As the Union Budget approaches, bankers and non-bank financial company leaders are calling for structural policy support to address mounting pressure on deposits, funding costs and the long-standing credit gap faced by MSMEs, even as credit demand in the economy remains strong. The Finance Minister Nirmala Sitharaman will present the Union Budget for 2026-27 on February 1.

For banks, the immediate challenge lies on the liability side. Deposit growth has lagged credit expansion, pushing up deposit rates and squeezing margins. “The banking industry has been facing a lower deposit growth to credit growth leading to a stress in deposit rates and NIM (net interest margin) of the banks,” said Alok Singh, head of treasury at CSB Bank.

Singh said the Budget must acknowledge this structural shift of housing savings to other financial avenues and respond with targeted incentives.

“An assessment of such changes where the core deposits of banks are getting routed to other sectors needs to be done and suitable tax incentives, along with new product lines which can incentivise deposit holders, are required,” he said.

Bridging the Deposit Gap

Salee S Nair, managing director and CEO of Tamilnad Mercantile Bank stressed the need to encourage long-term household savings and improve the transmission of these funds into productive credit.“The Budget can play a meaningful role by encouraging long-term household savings and ensuring a more efficient transmission of these funds into productive credit, particularly for MSMEs and agri-linked sectors,” he said.
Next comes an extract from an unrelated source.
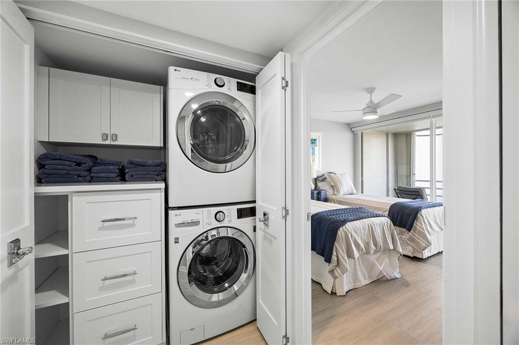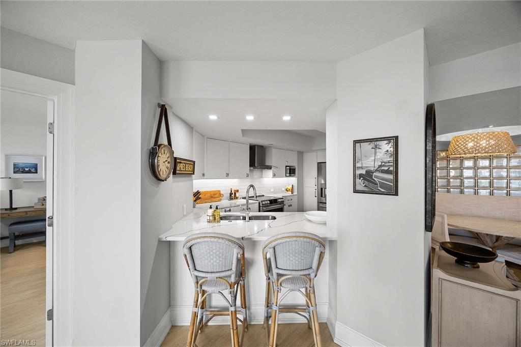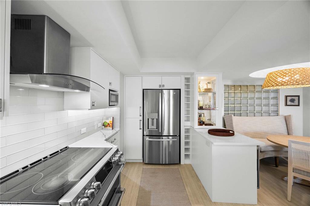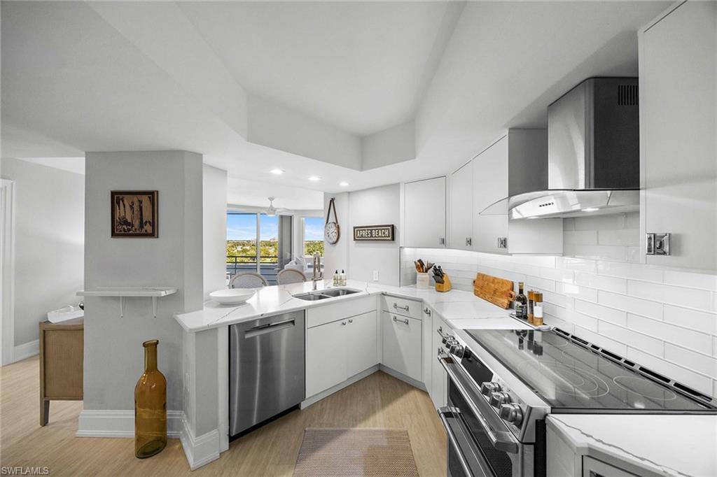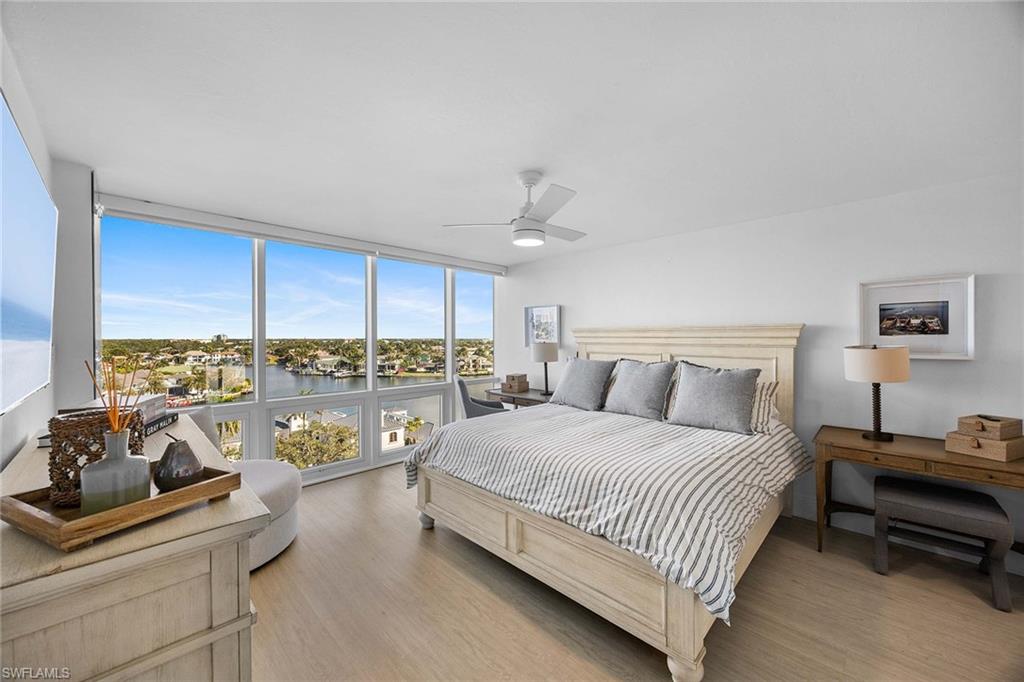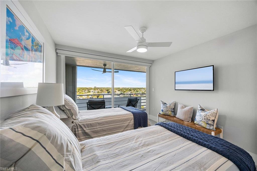 Enjoy Naples lifestyle from this beautifully updated, turnkey-furnished two-bedroom, two-bath residence at The Terraces in Park Shore. On the 9th floor with an eastern exposure, this home offers peaceful views over Venetian Bay. The open living and dining area is bright and inviting, framed by expansive floor-to-ceiling windows that fill the home with soft morning light. The custom kitchen features a bright, modern design with sleek finishes and beautiful cabinetry. The primary suite includes a spa-like bath with elegant touches, dual vanities and a spacious walk-in shower. A private lanai extends the living space outdoors, ideal for sunrise coffee or quiet evenings overlooking the water. Tasteful, coastal-inspired furnishings are the finishing touch for an effortless retreat. The Terraces offers direct beach access, along with a resort-style pool and spa, sauna, social spaces, guest suites, secured parking, 24-hour security and a pet-friendly environment. In the desired Park Shore neighborhood, you're near Venetian Village dining and boutiques, and just minutes from Waterside Shops and Old Naples. Boat slips and boat rentals are across the street.

Among the key recommendations from CSB Bank are tax deductions on incremental term deposits or deposit rollovers, exemption of TDS on bank interest income up to Rs 50,000 for retail customers, and waiver of TDS on non-individual borrowers. The bank has also sought a long-term repo facility for banks and a reduction in the SARFAESI threshold to Rs 5 lakh for all lenders to strengthen recovery mechanisms. At present, lenders such as banks, housing finance companies (HFCs) and asset reconstruction companies (ARCs) can invoke the SARFAESI Act, 2002 for loans of Rs 1 lakh and above, while non-banking financial companies (NBFCs) are subject to a much higher threshold of Rs 50 lakh.

Nair added that stronger risk-sharing mechanisms and support for formalisation would allow banks to expand lending responsibly “without compromising underwriting standards”.

Lenders also expect policy backing for technology adoption in banking. “The Budget should provide clear policy support for the adoption of digital and AI-led solutions in banking, with a focus on risk management, fraud prevention, compliance and customer service,” Nair said, adding that incentives for investments in digital infrastructure and data security would help banks deploy technology at scale with confidence.

Strengthening MSME Lending

While banks focus on deposits and margins, NBFCs lending to MSMEs are looking for structural measures to close a persistent credit gap. MSMEs contribute over 30% to GDP and still faces a significant and persistent credit gap, lenders said.

“The expectation is that the budget will go beyond short-term stimulus and focus on lowering the cost of capital, improving liquidity access, and enabling efficient risk-sharing mechanisms, particularly for institutions that finance MSMEs at the last mile,” Shachindra Nath, founder and managing director of UGRO Capital said.

He believes India’s digital public infrastructure and co-lending frameworks can help shift MSME lending “away from collateral dependence towards cash-flow, behaviour and sector-aligned underwriting”, supporting scale while protecting asset quality.

Among the industry’s key asks is the creation of a dedicated NBFC–MSME or NBFC–PSL category, along with access to cheaper and more predictable refinance funding, potentially through SIDBI. Nath said a refinance window would be a critical stabiliser during periods of stress.

“MSME-focused NBFCs are structurally dependent on market borrowings and therefore face funding pressures during liquidity tightening, even when their underlying portfolios remain healthy,” he said. “A well-designed refinance facility would provide predictable, lower-cost, and longer-tenor funding, allowing NBFCs to continue lending through economic cycles,” Nath added, noting that MSME stress is often driven by cash-flow mismatches rather than weak business viability. Such support would help protect jobs, supply chains and local economic activity, he said.

NBFC-MFIs are closely tracking the proposal, viewing the potential mega credit guarantee as a critical support measure amid tight liquidity conditions and rising funding costs. The Microfinance Industry Network, an association for the microfinance sector, had proposed a Rs 20,000 crore credit guarantee scheme for microfinance institutions (MFIs).

Industry executives said a larger, government-backed guarantee could significantly improve banks’ risk appetite toward the sector, lower borrowing costs, and provide much-needed balance sheet comfort, enabling NBFC-MFIs to sustain credit flow to low-income and informal-sector borrowers.

“Once the funding normalises, hopefully the sector could see a growth of around 15-20% in AUM given the current economic scenario and underwriting standards” Dr Alok Misra, CEO and Director of MFIN said.